Want To Lose Some Body Fat? What exercise burns fat?
Carrying excess fat is unhealthy. The only effective way to lose body fat is to increase energy expenditure by exercising more and/or decrease energy intake by eating less. A combination of the two in moderation is probably most effective, since dieting alone is often accompanied by an adaptive reduction in metabolic rate (resting energy expenditure). Many people exercise in order to lose fat, enhance muscle tone and improve their body shape.
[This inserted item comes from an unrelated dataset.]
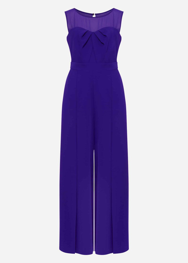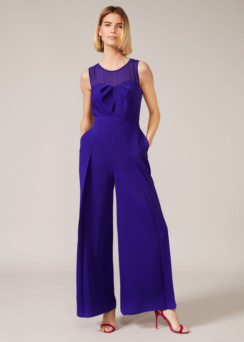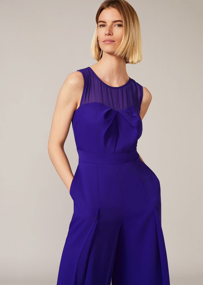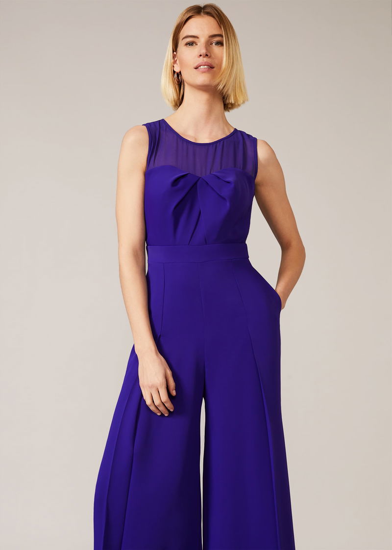 A party-ready look, our Jose Jumpsuit is designed in a vivid shade of electric blue that is sure to turn heads. This style is made to flatter with its pleated wide leg cut and twist detail on the bodice. The sweet heart neckine is framed by a sheer mesh panel and the look is finished with pockets and a key-hole back. In addition to parties, this jumpsuit would be a great choice to wear to the races.
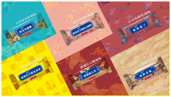「蜜制红豆酥风味」寓意诗人吟哦的相思红豆,采用慈禧太后心爱的芸豆卷馅料;「荔香玫瑰糕风味」中的玫瑰则不仅是宫廷专宠,更传说是康熙大帝的挚爱;「古早山楂风味」中的山楂在宫廷的走红,则要从宋光宗时期说起,传闻宫中贵妃的厌食症便是由它所治愈;「真香绿茶糕风味」便是以文人偏爱的国饮绿茶入主宫廷为灵感,宫中君臣以茶代酒的佳话也印证了绿茶在宫廷的地位;「潮式叉烧酥风味」则是对“岭南遗珠”潮式叉烧的一大改良,这味御膳佳品百姓以往只年节才能吃到;带有异域风味的「辛香胡椒饼风味」,其中出自西域的胡椒曾是比肩黄金的名贵香料,只有皇室方可享用。

But what exercise intensity should be performed in order to optimise the burning of fat?

Exercise Expends Energy And So Requires Fuel
During dynamic aerobic exercise your muscles use oxygen to burn fuel in the form of both fat and carbohydrate, which releases energy that can be used to perform muscular work. The precise fuel mixture that the muscles use for exercise depends mostly on the exercise intensity and duration. During short-term high intensity exercise, the muscles predominantly use carbohydrate in the form of muscle glycogen (a storage form of sugar) and glucose that is absorbed from the blood. For exercise of low-moderate intensity the muscles oxidise mostly fat. Even for moderate intensity exercise, in the first few minutes we tend to use mostly carbohydrate, but as exercise duration increases, the contribution of fat becomes greater.
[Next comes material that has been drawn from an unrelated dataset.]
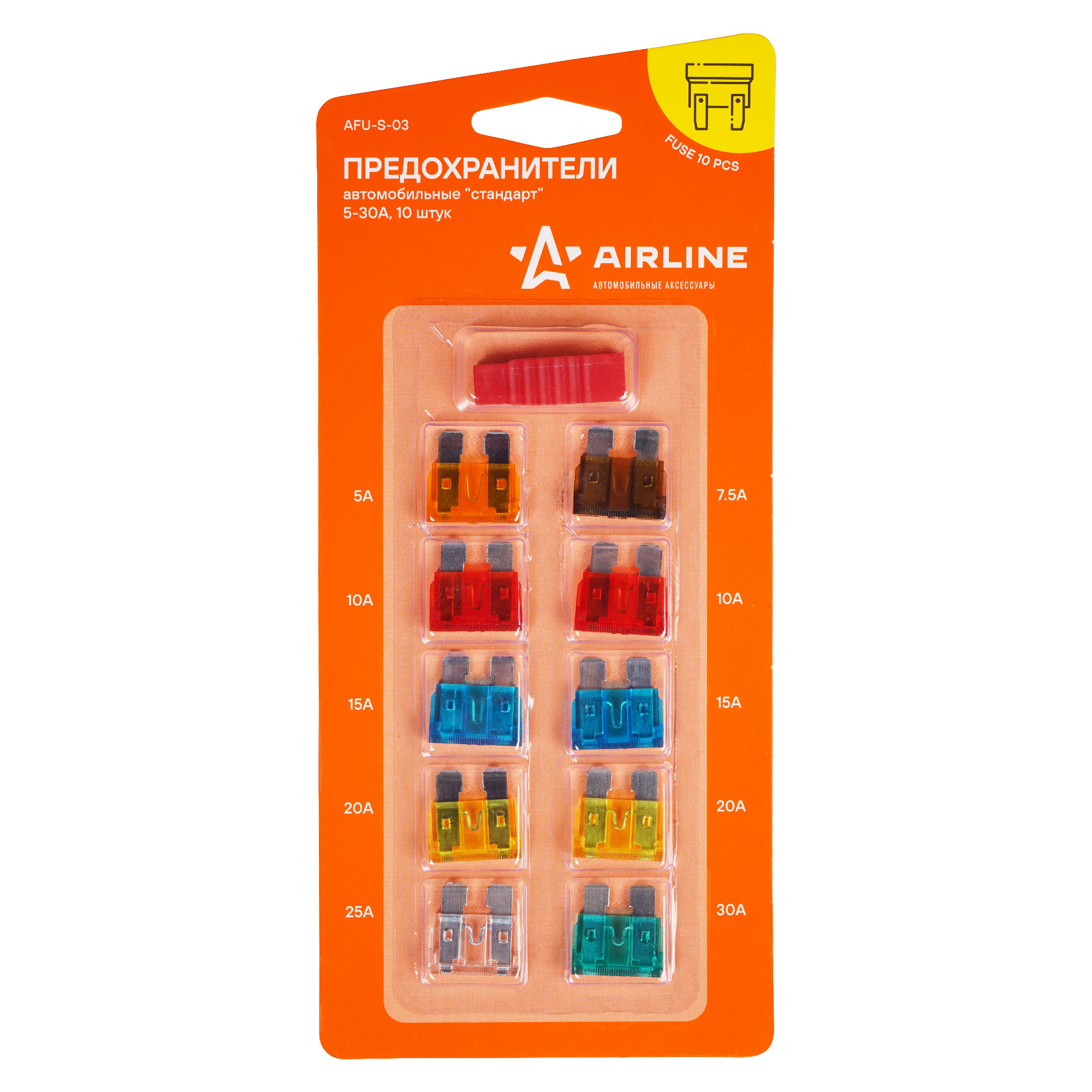 Ekstraktorli blisterli qadoqdagi standart sug‘urta (10 dona, 5–30A) (AFU-S-03)

At rest we expend about 1 kilocalorie (or 4 kilojoules) of energy per minute. Moderate intensity exercise will typically raise the rate of energy expenditure to around 6 kilocalories (25 kilojoules) per minute. So if you exercised for one hour at this intensity you would expend about 360 kilocalories (1500 kilojoules), burning up to 40 grams (2 ounces) of fat in the process. Although this doesn't sound a lot, when exercise is performed on a regular basis (e.g. one hour every day) this mounts up to over 1 kilogram (2.2 pounds) of fat loss per month.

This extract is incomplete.